[Required work]
Every line from the line containing "Beetles X Press" through the end of the data is to be reproduced exactly, excluding pictures.

[Stored data entries]
== Segment start ==
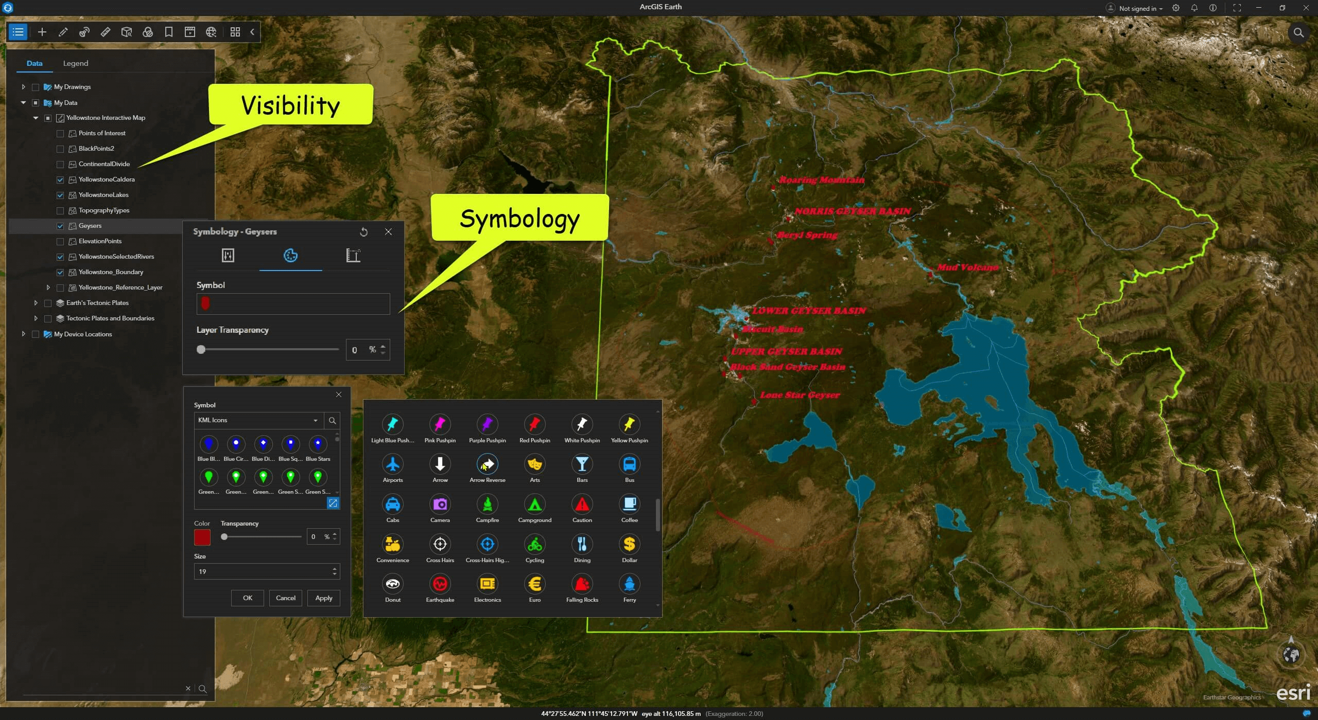 ArcGIS Online and Living Atlas offer a wealth of global open geographic data. These resources can be easily accessed in ArcGIS Earth. Click “Add Data” from the toolbar and search for Yellowstone to find many related datasets.
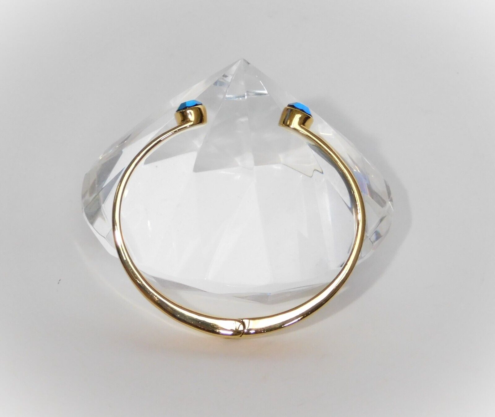 Kate Spade New York Gold Plated Open Cuff Bracelet 2 Faceted Blue AB Crystals
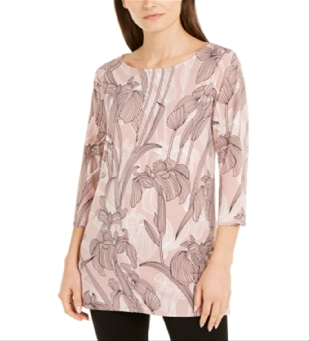 Alfani Women's Printed Mesh Tunic Pink Size Large
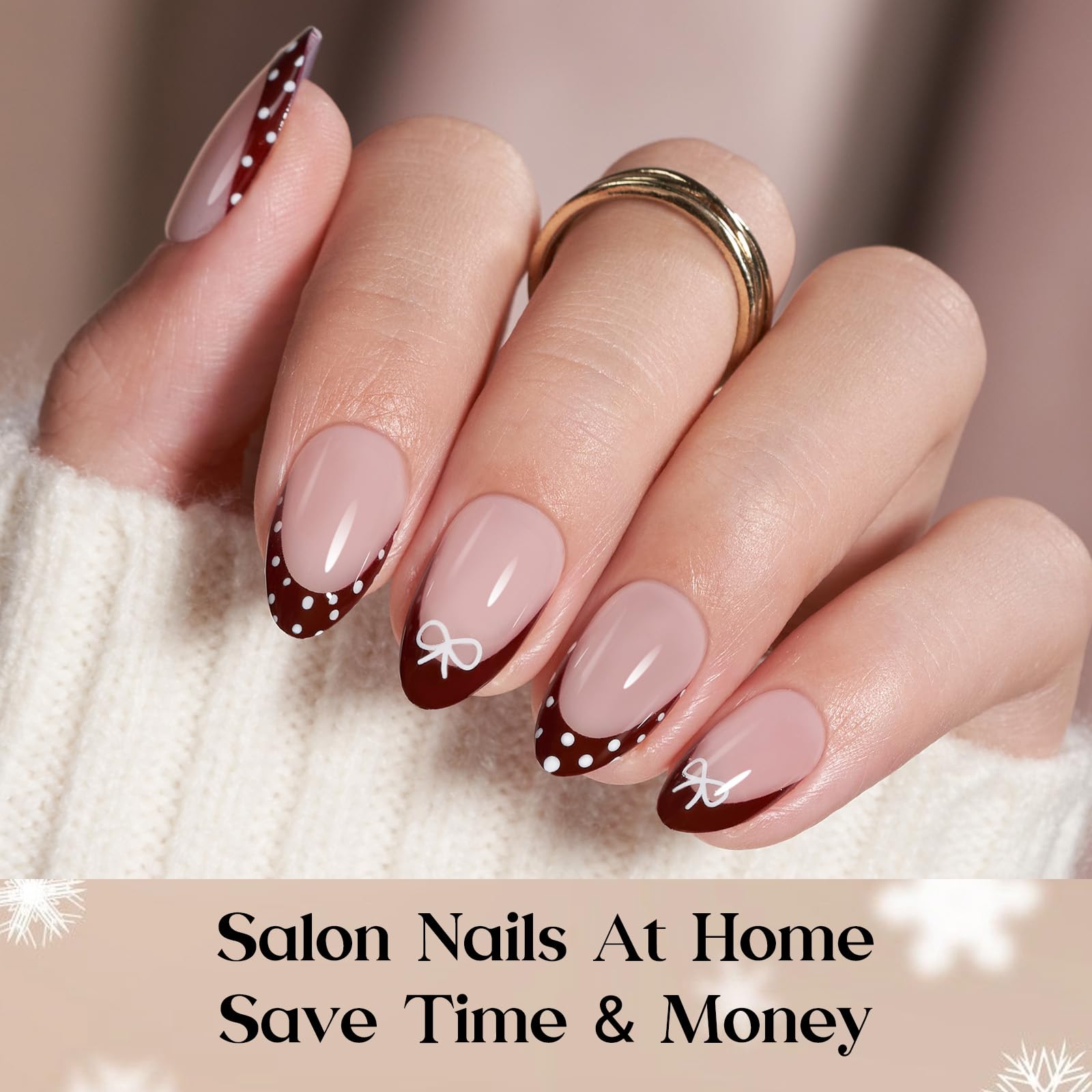 Beetles X Press Plus Gel Nails Kit Rouge French - 160Pcs 16 Sizes All-in-One Kit 5 Colors Christmas Press On Nails Short Almond
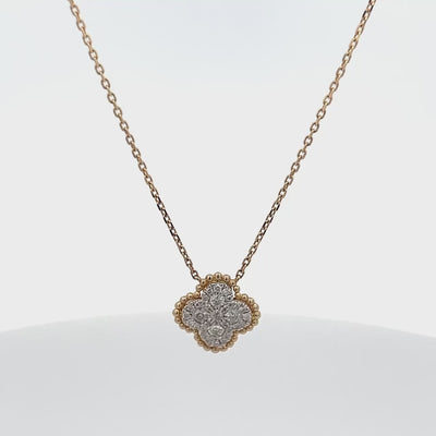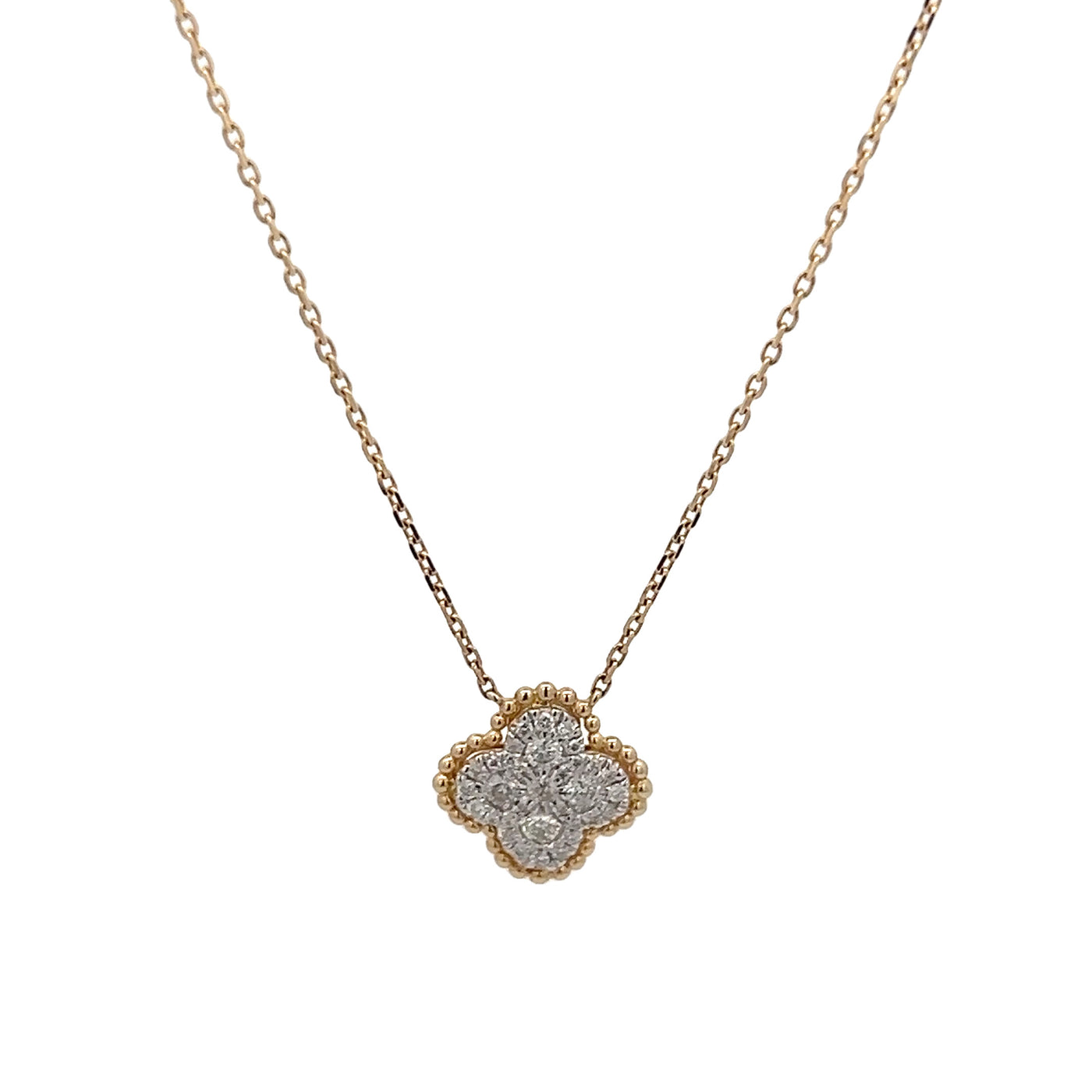 Discover the timeless elegance of this gold pendant necklace, featuring a beautifully crafted floral design adorned with sparkling gemstones. Perfect for any occasion, this piece adds a touch of sophistication to your outfit, making it an essential addition to your jewelry collection. 0.35 total weight Round diamond 14 karat yellow gold Two tone 0.35 total diamond weight.
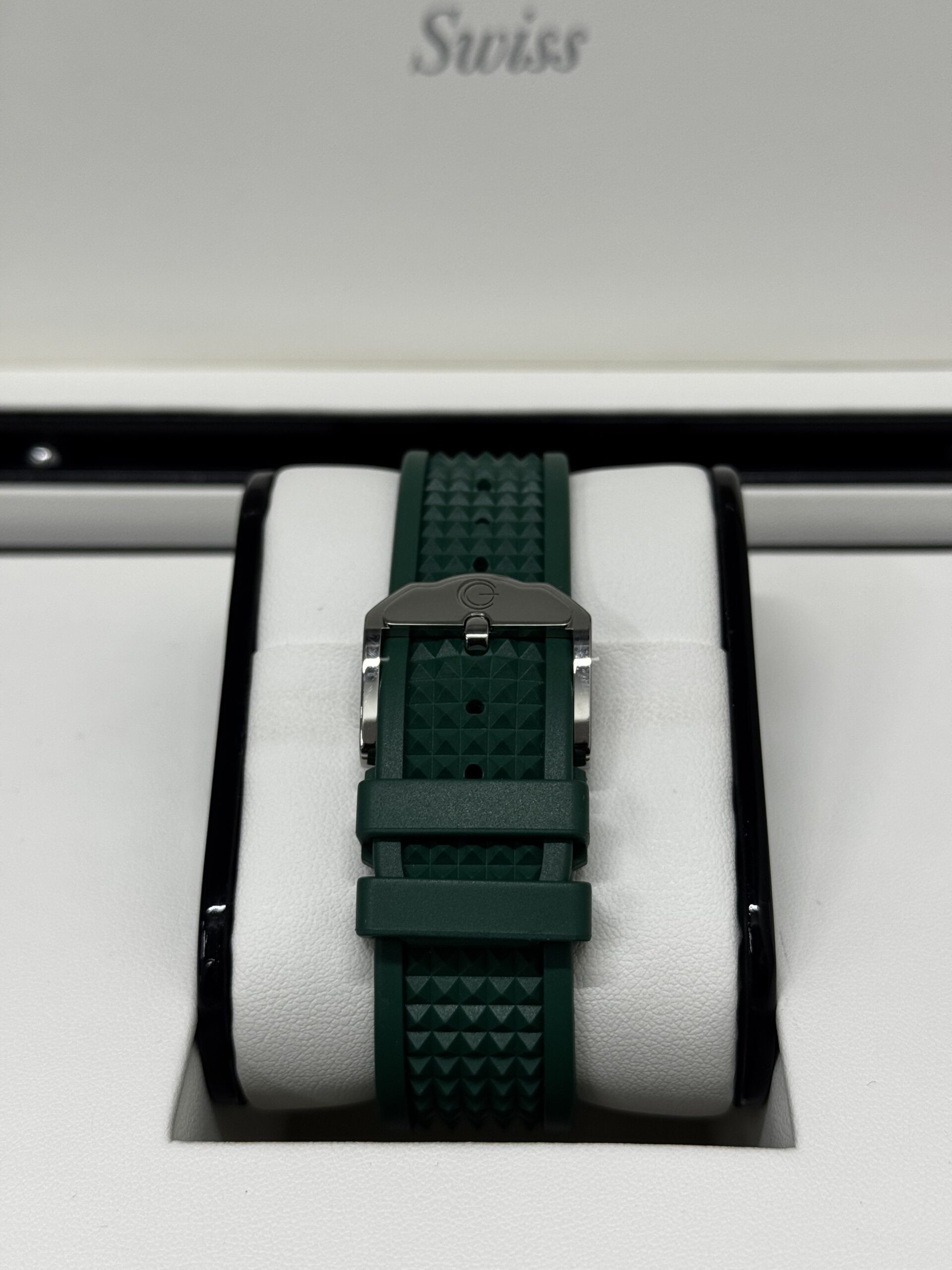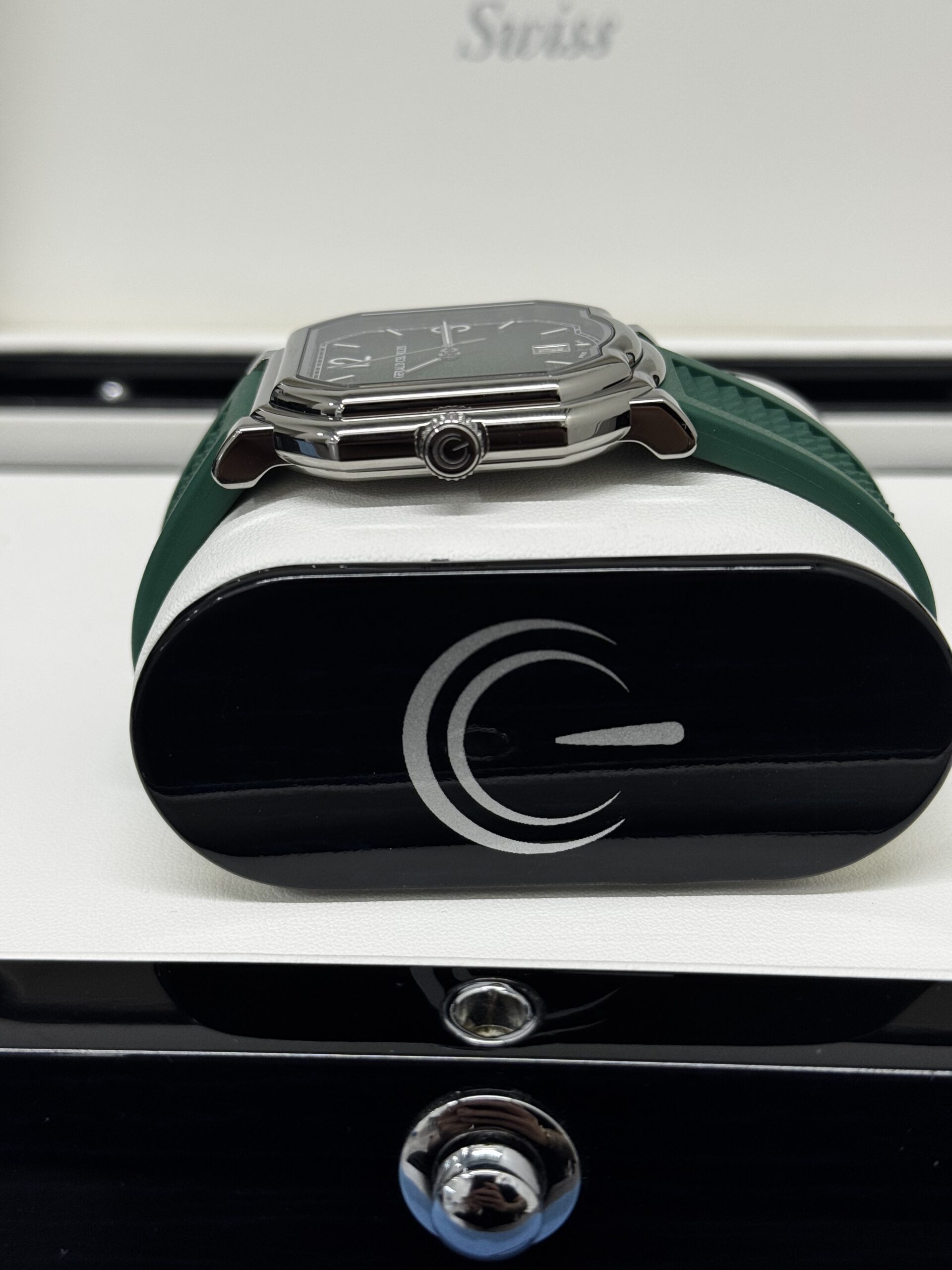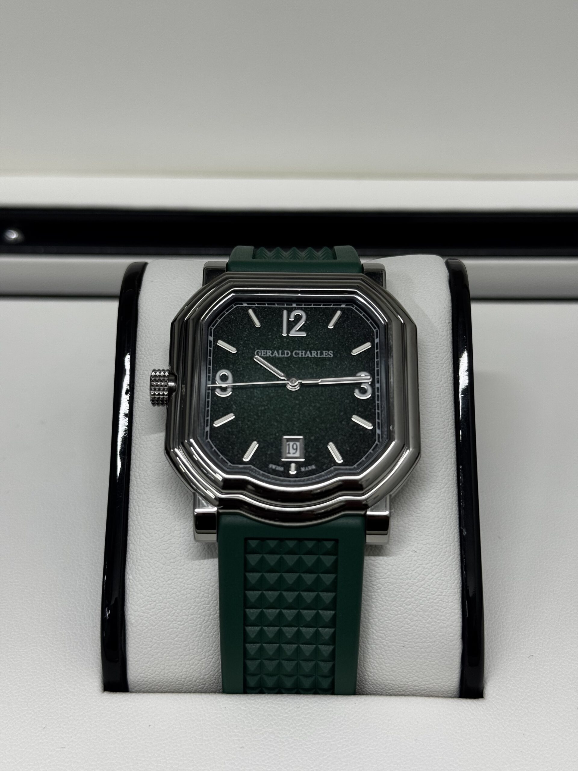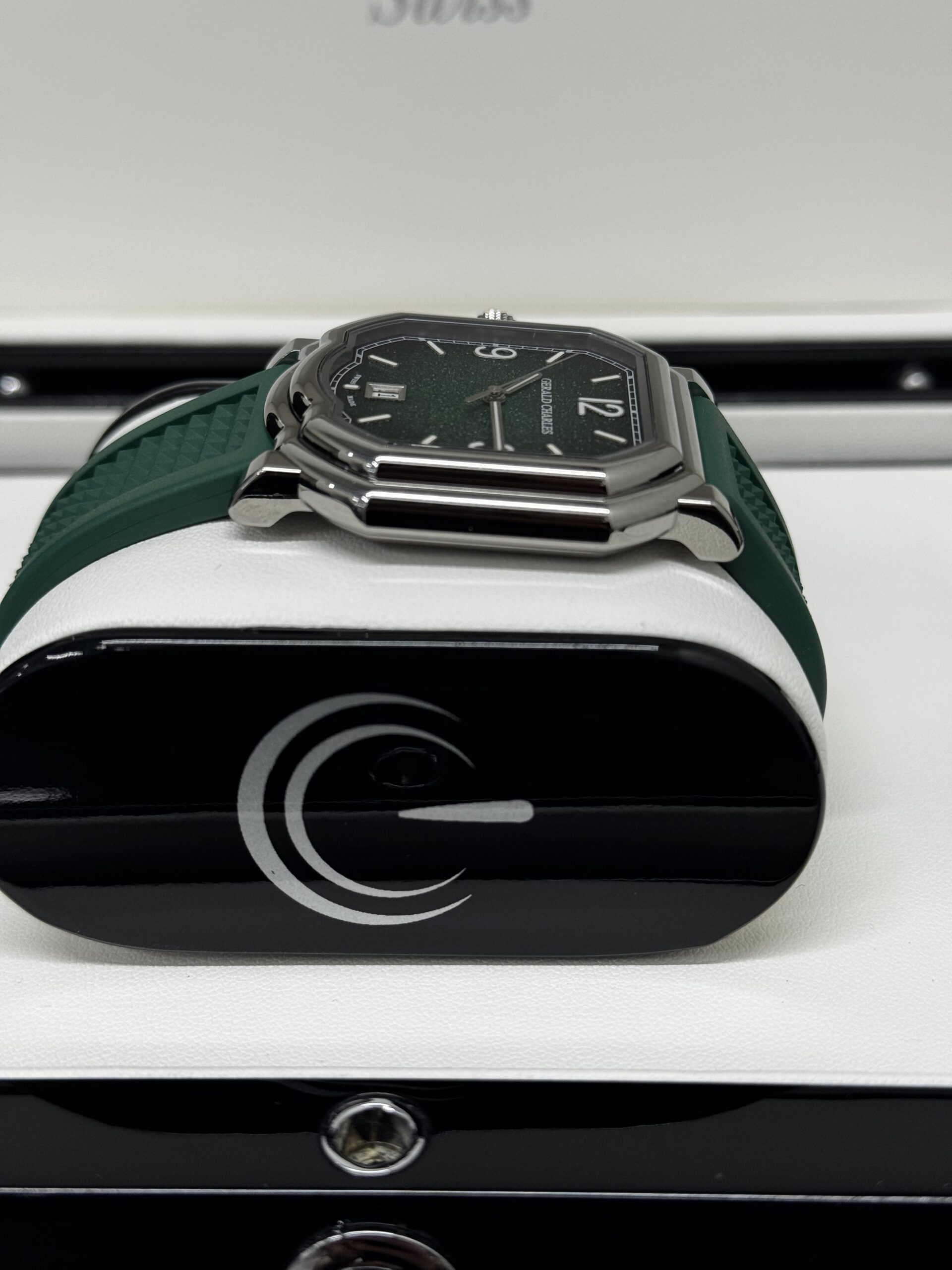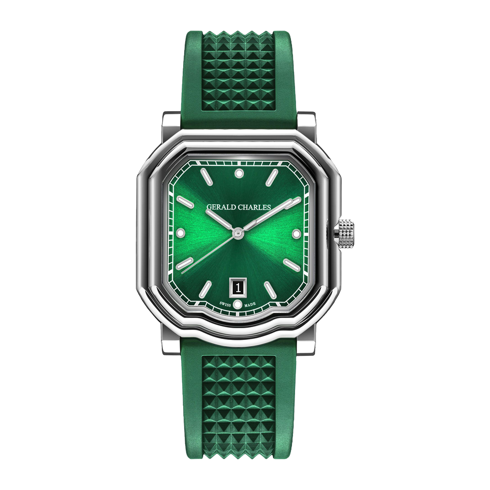 • Bracelet : Caoutchouc vert intégré au boîtier, motif signature Gerald Charles
== Segment end ==
[Exercise solution]
 Beetles X Press Plus Gel Nails Kit Rouge French - 160Pcs 16 Sizes All-in-One Kit 5 Colors Christmas Press On Nails Short Almond
 Discover the timeless elegance of this gold pendant necklace, featuring a beautifully crafted floral design adorned with sparkling gemstones. Perfect for any occasion, this piece adds a touch of sophistication to your outfit, making it an essential addition to your jewelry collection. 0.35 total weight Round diamond 14 karat yellow gold Two tone 0.35 total diamond weight.
 • Bracelet : Caoutchouc vert intégré au boîtier, motif signature Gerald Charles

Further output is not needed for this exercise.